Economically sustainable is a soft way to refer to surging billions of dollars in ad revenue. The argument for relevant advertising is that it benefits websites that can better monetize traffic to fund their operations and that it enables companies of all sizes to better target customers. But follow the money. The $80 billion-plus and $100-billion-plus in ad revenues generated by Facebook and Google tells you the real story.

“It would be better for privacy,” those behind FLoC argue, “if interest-based advertising could be accomplished without needing to collect a particular individual’s browsing history.” The issue, of course, is that FLoC doesn’t remove every other form of tracking and analysis, but it does add to them.
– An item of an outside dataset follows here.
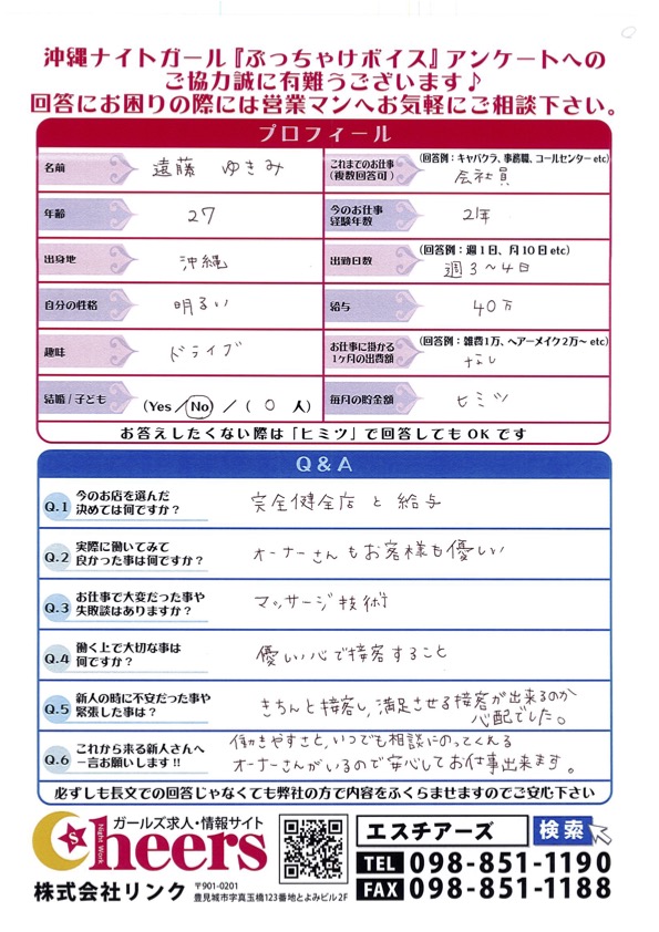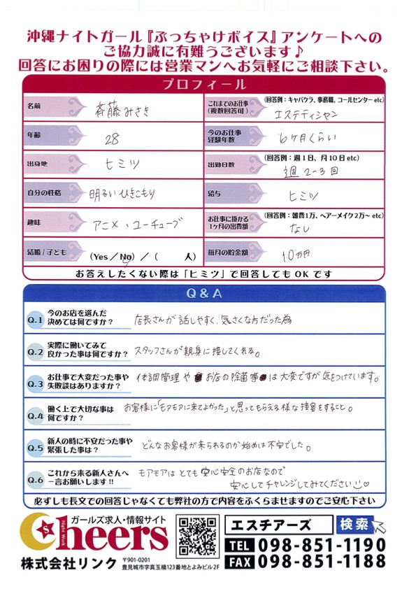 NAGOMOREは週一回だけという私のわがままをきいてくれました。無理ないスケジュールを組むことでサービスにも余裕が生まれ、ありがたいことに少ない出勤でも指名をいただけています。

Unless and until the digital ad industry is forced to rethink its approach, wholesale, the onus is on us to take control of our own privacy, at least by determining which apps and browsers we use. Until we select platforms that protect our privacy, and avoid those that don’t, we cannot feign surprise at the data leaks and spyware apps that fill our computers and phones, siphoning our data for the brokers that pay their way.
Chrome Vs Rivals

Chrome Vs Rivals Apple App Store / @UKZak

Google has made its intentions clear with Chrome—building cohort tracking into the very fabric of the browser. Never before has the difference between Chrome and Safari, DuckDuckGo, Brave and Firefox been clearer. Just as with the privacy label disparity I disclosed last month, Chrome is becoming more of a an outlier and its vast army of users need to decide if privacy matters enough to them to do something about this.

“Google doesn’t care about protecting user privacy,” DuckDuckGo warned at the time, “they care about protecting their surveillance business model. If they really cared about privacy, they would just stop spying on billions of people around the world.”

This year is proving to be a watershed for user privacy—never have you had so many options to protect your privacy, but that privacy has never been more under threat.

Whatever your views on the longer-term future of targeted ads and user tracking, though, you should certainly avoid being secretly enrolled into a large-scale trial without your knowledge. This is 2021, after all, not 1984.